== GIVEN DATA ==
____

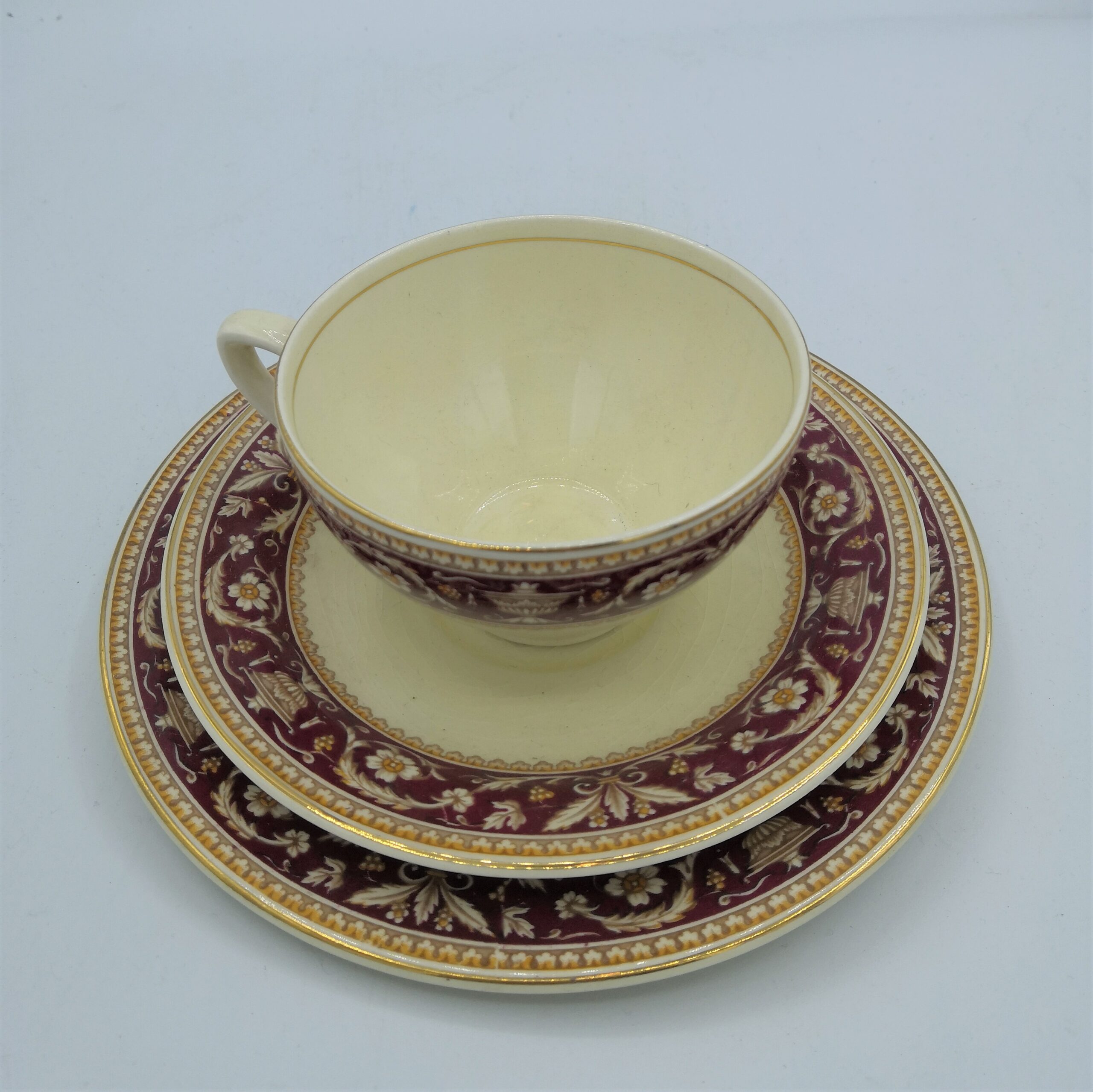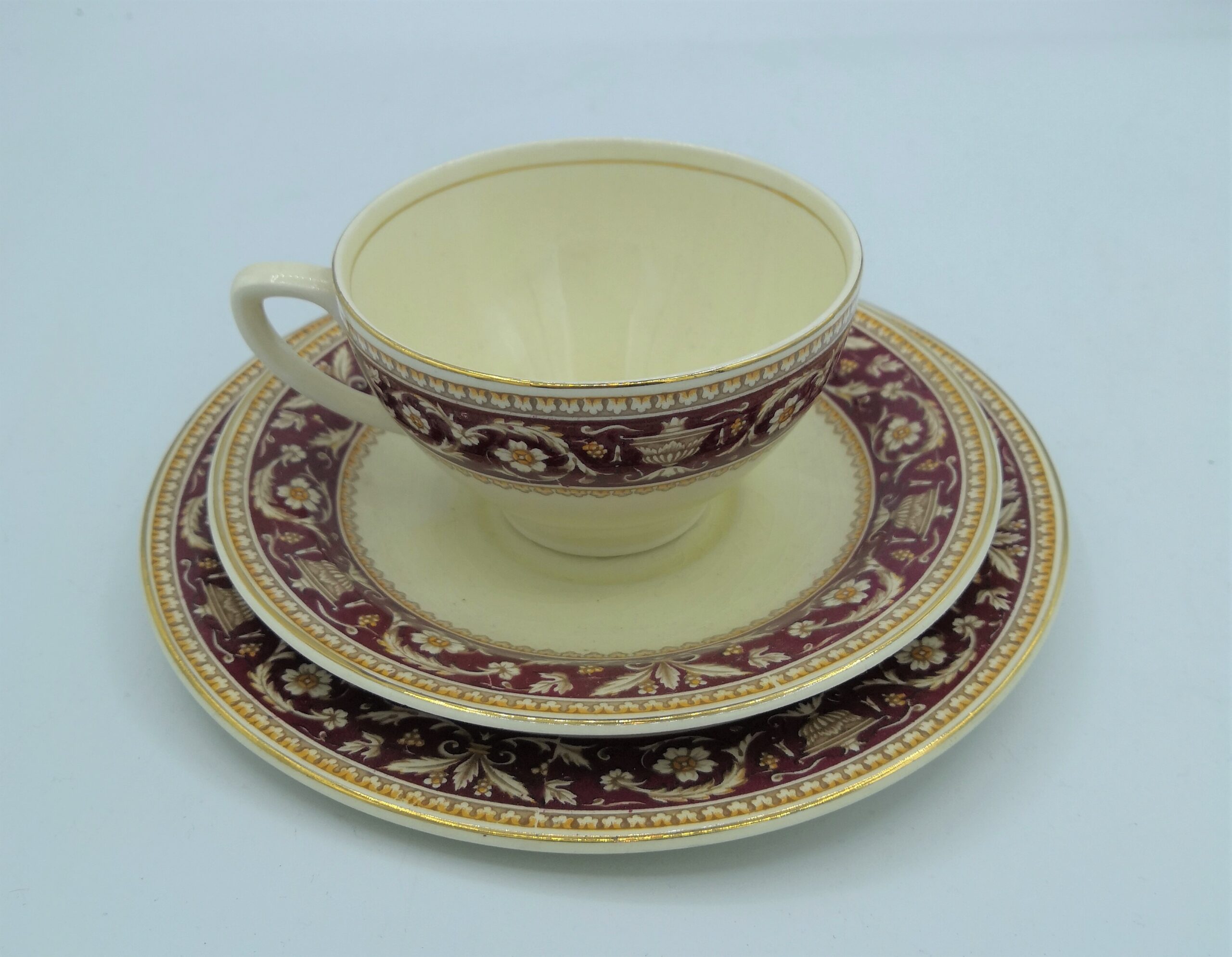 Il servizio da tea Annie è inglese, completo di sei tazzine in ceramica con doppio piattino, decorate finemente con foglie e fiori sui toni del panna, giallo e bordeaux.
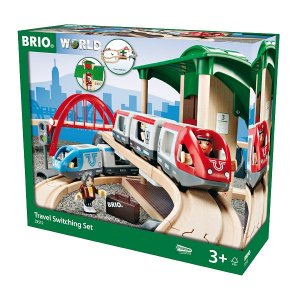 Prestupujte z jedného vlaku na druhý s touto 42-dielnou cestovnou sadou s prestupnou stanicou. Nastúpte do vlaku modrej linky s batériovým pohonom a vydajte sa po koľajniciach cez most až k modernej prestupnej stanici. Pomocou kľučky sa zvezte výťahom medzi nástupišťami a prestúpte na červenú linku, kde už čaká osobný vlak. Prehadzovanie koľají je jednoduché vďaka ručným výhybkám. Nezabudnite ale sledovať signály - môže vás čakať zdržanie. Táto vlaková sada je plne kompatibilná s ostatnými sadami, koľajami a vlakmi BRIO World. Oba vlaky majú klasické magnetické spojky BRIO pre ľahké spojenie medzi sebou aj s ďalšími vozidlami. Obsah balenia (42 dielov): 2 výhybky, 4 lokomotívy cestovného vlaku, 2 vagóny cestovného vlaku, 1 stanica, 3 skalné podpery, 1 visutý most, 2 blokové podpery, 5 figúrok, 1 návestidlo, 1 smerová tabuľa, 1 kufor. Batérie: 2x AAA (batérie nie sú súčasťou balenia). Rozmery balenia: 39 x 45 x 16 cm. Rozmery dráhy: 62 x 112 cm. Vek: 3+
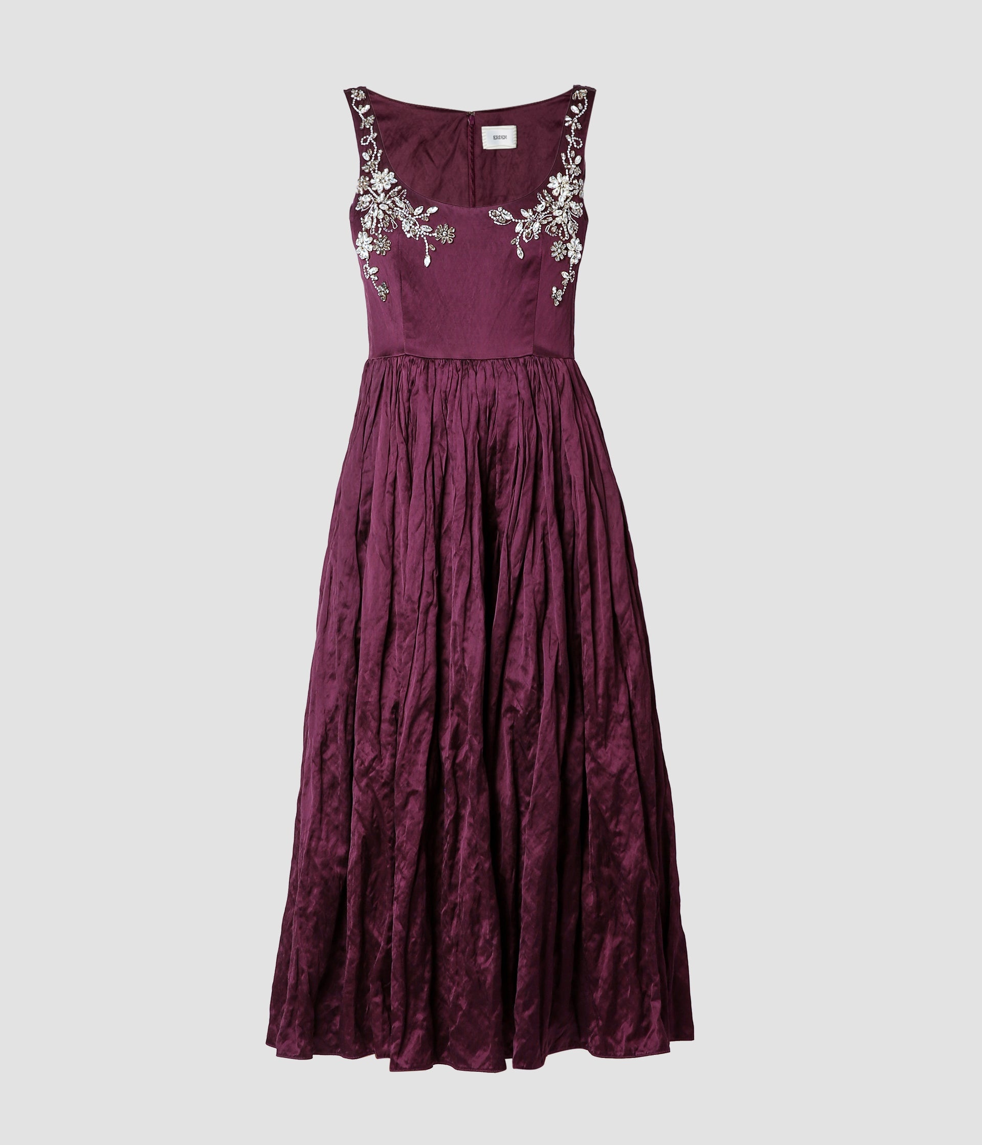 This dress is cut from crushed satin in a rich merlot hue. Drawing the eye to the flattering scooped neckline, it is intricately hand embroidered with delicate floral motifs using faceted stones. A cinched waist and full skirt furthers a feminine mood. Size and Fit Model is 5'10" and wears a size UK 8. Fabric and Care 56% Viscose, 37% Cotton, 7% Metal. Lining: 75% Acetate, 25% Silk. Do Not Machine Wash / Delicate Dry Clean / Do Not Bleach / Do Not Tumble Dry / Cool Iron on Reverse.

____

== YOUR OBJECTIVE ==
Reproduce the data above exactly, leaving each picture out.

== RESPONSE FOR THIS EXERCISE ==
 Il servizio da tea Annie è inglese, completo di sei tazzine in ceramica con doppio piattino, decorate finemente con foglie e fiori sui toni del panna, giallo e bordeaux.
 Prestupujte z jedného vlaku na druhý s touto 42-dielnou cestovnou sadou s prestupnou stanicou. Nastúpte do vlaku modrej linky s batériovým pohonom a vydajte sa po koľajniciach cez most až k modernej prestupnej stanici. Pomocou kľučky sa zvezte výťahom medzi nástupišťami a prestúpte na červenú linku, kde už čaká osobný vlak. Prehadzovanie koľají je jednoduché vďaka ručným výhybkám. Nezabudnite ale sledovať signály - môže vás čakať zdržanie. Táto vlaková sada je plne kompatibilná s ostatnými sadami, koľajami a vlakmi BRIO World. Oba vlaky majú klasické magnetické spojky BRIO pre ľahké spojenie medzi sebou aj s ďalšími vozidlami. Obsah balenia (42 dielov): 2 výhybky, 4 lokomotívy cestovného vlaku, 2 vagóny cestovného vlaku, 1 stanica, 3 skalné podpery, 1 visutý most, 2 blokové podpery, 5 figúrok, 1 návestidlo, 1 smerová tabuľa, 1 kufor. Batérie: 2x AAA (batérie nie sú súčasťou balenia). Rozmery balenia: 39 x 45 x 16 cm. Rozmery dráhy: 62 x 112 cm. Vek: 3+
 This dress is cut from crushed satin in a rich merlot hue. Drawing the eye to the flattering scooped neckline, it is intricately hand embroidered with delicate floral motifs using faceted stones. A cinched waist and full skirt furthers a feminine mood. Size and Fit Model is 5'10" and wears a size UK 8. Fabric and Care 56% Viscose, 37% Cotton, 7% Metal. Lining: 75% Acetate, 25% Silk. Do Not Machine Wash / Delicate Dry Clean / Do Not Bleach / Do Not Tumble Dry / Cool Iron on Reverse.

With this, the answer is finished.